When the form of the relationship between variables is unknown or nonlinear, **loess smoothing** offers a flexible, data-driven alternative to polynomial models. This chapter explains how loess works, how to tune its parameters (span and degree), and when to use it.

### **Chapter 28: Model Residuals**

Residuals are central to understanding how well a model captures the structure in the data. This chapter introduces **residual-dependence** and **residual-fit** plots, which help diagnose model inadequacies such as curvature or nonlinearity.

###  **Chapter 29: Exploring Spread in the Residuals**
This chapter focuses on **heteroscedasticity**—situations where the spread of residuals changes across the range of the independent variable. You’ll learn to use **spread-location** and **spread-dependence** plots to detect and address unequal spread.

###  **Chapter 30: Visualizing Variability Decomposition in Bivariate Models**

Here, we introduce the **variability decomposition (VD) plot**, which visually separates the variability explained by the model from the residual variability. This helps assess the **predictive power** of a model.

###  **Chapter 31: Bivariate Residual-Fit Spread Plot **

The **residual-fit spread (RFS) plot** offers a quantile-based comparison of fitted values and residuals. It complements the VD plot by providing a more detailed view of model performance.

### **Chapter 32: Parameterizing the Residuals**

This chapter explores how to **characterize residuals** using statistical distributions, particularly the **Normal distribution**. You’ll learn how to use **Q-Q plots** to assess normality and what to do when residuals deviate from Normality.

### **Chapter 33: Refining Bivariate Models Through Re-expression**

When model assumptions are violated, **re-expressing** one or both variables can improve model fit and stabilize residual spread. This chapter walks through a real-world example of iterative model refinement using power transformations.
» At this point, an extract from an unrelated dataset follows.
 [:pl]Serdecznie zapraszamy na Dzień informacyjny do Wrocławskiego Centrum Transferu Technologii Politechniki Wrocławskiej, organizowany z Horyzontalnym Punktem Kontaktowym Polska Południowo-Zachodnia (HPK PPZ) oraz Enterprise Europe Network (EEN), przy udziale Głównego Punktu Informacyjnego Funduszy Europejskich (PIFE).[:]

### **Chapter 34: Robust Regression: Resistant Lines and Beyond**

Outliers can distort traditional regression models. This chapter introduces **robust regression techniques**, including **Tukey’s resistant line** and **bisquare regression**, which reduce the influence of extreme values.
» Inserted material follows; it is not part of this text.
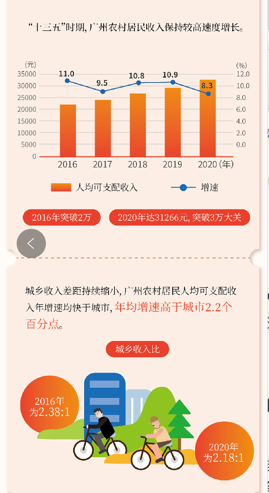 “十三五”时期广州农村居民人均可支配收入累计增长61.7%,年均增长10.1%,“十三五”期间,广州农村居民人均可支配收入水平一直处于全省前列,2020年广州农村居民人均可支配收入仅次于东莞、中山、佛山,位居第四,比2016年提升一位,增速(8.3%)位居珠三角片区第一位。
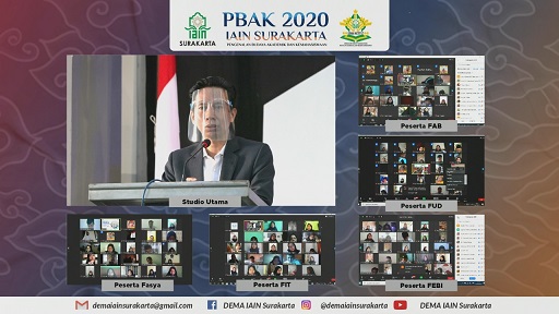 FOKUS JATENG-SURAKARTA-Di tengah masa pendemi Covid 19, Ribuan mahasiswa baru 2020 IAIN Surakarta, Rabu (23/09/2020) mengikuti Pengenalan Budaya Akademik dan Kemahasiswaan (PBAK 2020) IAIN Surakarta secara daring.

### **Chapter 35: Slicing Data: Exploring Discontinuities and Local Models**

Sometimes, a single global model is insufficient. This chapter introduces **data slicing** and **local modeling** to uncover **structural breaks** or **regime shifts** in the data.

### **Chapter 36: A Deeper Exploration of Residuals: Revealing Hidden Structure**

Residuals can reveal more than just model misfit—they can uncover **layered patterns** such as trends, seasonality, and anomalies. This chapter demonstrates how to iteratively model and analyze residuals to uncover hidden structure in real-world data.

-----

##  The Big Picture

Together, the chapters in this section form a coherent arc for understanding and modeling relationships between two continuous variables:

+ **Visualize** the relationship between variables using scatter plots and fitted curves.
+ **Model** the association using parametric (e.g., polynomial) and non-parametric (e.g., loess) techniques.
+ **Diagnose** model fit using residual plots to uncover curvature, nonlinearity, and heteroscedasticity.
+ **Quantify** explained versus unexplained variation using variability decomposition and residual-fit spread plots.
+ **Re-express** variables to stabilize spread, improve fit, and meet model assumptions.
+ **Refine models** using robust regression techniques to mitigate the influence of outliers.
+ **Explore** local structure and discontinuities by slicing data and fitting segmented models.
+ **Iterate** through layers of residual analysis to reveal hidden structure and deepen understanding.

This sequence equips you with a flexible and visual toolkit for uncovering patterns, refining models, and interpreting complex relationships in bivariate data.